All of them knew by then that such things did not matter. Doctor Warble had done what he could. He said it was most likely a blood infection, and that hope was a notion to think about quitting.

Goldie looked into the yard.

She opened the lower sash, pulled from the floor stack a sturdy book, and stuck it in the channel. The window was open wide enough to put her head through. The birds kept at their cawing, and she said to them, in a near-whisper, “Shut your cock-chafin beak holes.” When they did not obey her command, she returned to the white iron bed, knelt, and reached underneath. She took the hammerless shotgun from its mount against the slats, checked that both barrels held shells, and took a crouch position at the open window, barrels resting on the sill. She lined up her shot, shut her open eye, and imagined herself squeezing the trigger, and that the room-rattling noise of it awoke Jake Baach from his wretched death nap to behold black feathers and pine needles bursting from the branches.

She opened her eyes. The crows had gone quiet.

She was about to stand from her crouch when one of them cawed again.

“I’ll murder the murder of you,” she told the crows.

Spending the night at Hood House had put her in a foul mood once again. She’d offered to administer to Jake as he worsened, and she was glad to ease Sallie Baach’s load, but the trees and animals did not suit Goldie any longer. She longed for town. She could see it from the window, pulsing already just down the clear-cut face of the mountain.

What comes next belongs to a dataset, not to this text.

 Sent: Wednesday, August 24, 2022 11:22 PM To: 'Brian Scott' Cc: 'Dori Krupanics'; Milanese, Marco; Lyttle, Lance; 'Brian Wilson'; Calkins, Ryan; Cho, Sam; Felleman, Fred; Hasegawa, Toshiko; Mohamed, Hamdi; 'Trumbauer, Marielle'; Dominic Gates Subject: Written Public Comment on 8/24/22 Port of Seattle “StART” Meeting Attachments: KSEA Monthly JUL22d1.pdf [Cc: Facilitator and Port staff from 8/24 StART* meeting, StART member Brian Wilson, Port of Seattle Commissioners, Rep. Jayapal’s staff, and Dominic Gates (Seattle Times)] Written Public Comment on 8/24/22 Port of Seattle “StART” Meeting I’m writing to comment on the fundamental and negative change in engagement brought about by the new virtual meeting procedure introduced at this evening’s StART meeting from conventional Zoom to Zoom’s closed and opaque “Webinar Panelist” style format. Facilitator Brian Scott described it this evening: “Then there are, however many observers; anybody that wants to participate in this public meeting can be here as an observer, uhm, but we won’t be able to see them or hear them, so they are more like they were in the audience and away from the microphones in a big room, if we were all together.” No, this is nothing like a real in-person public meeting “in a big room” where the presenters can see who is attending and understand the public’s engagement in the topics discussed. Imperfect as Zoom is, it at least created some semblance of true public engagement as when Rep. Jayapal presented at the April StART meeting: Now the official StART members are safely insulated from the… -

How odd, she thought, to have such contrary worlds cheek by jowl.

She looked at the table clock by the bed. Nearly noon. She could be on Railroad Avenue by half past.

The washbowl was half full of clean water. Someone had hung a hand towel on the edge.

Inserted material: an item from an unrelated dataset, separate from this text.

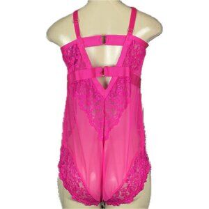 Torrid +3 Pink Sheer Mesh Lace Caged Neckline & Back Adjustable Strap Bodysuit
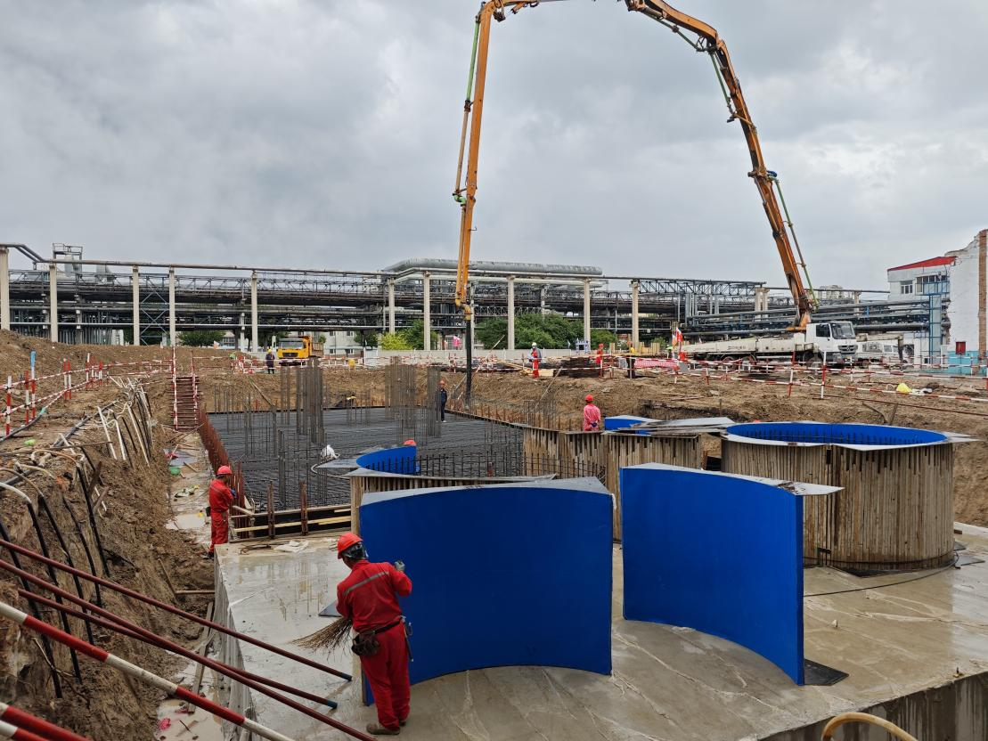 秉承各方领导“开工即大干、开局即决战”的方针,项目伊始即进入奋战阶段。阵阵暴雨浇不灭高质量竣工的希望,炎炎烈日燃出了完成项目的决心。目前页岩油项目已完成机柜间基础施工、部分大型设备基础施工等近15%的土建工程,项目部合理制定施工计划,力求加快施工进度,为后续设备安装、配管等专业抢出更多时间。在保证进度的同时,质量、安全也不可放松,为响应国家及公司“安全生产月”活动的宣贯,施工现场也组织了相关的应急演练活动,做到“安全在心中,事故去无踪”。

She lay the shotgun on the dressing table and took a hairbrush from the jewel drawer. When she had her hair up and her face and neck washed, she regarded herself in the mirror again. Her displeasure was mostly set aside. She watched Jake’s reflection in the mirror’s corner, so still under the sheet. The back of his hand was like a swollen plum, fingers black.

Someone was coming up the stairs.

It was little Agnes. She stopped and stood in the open doorway.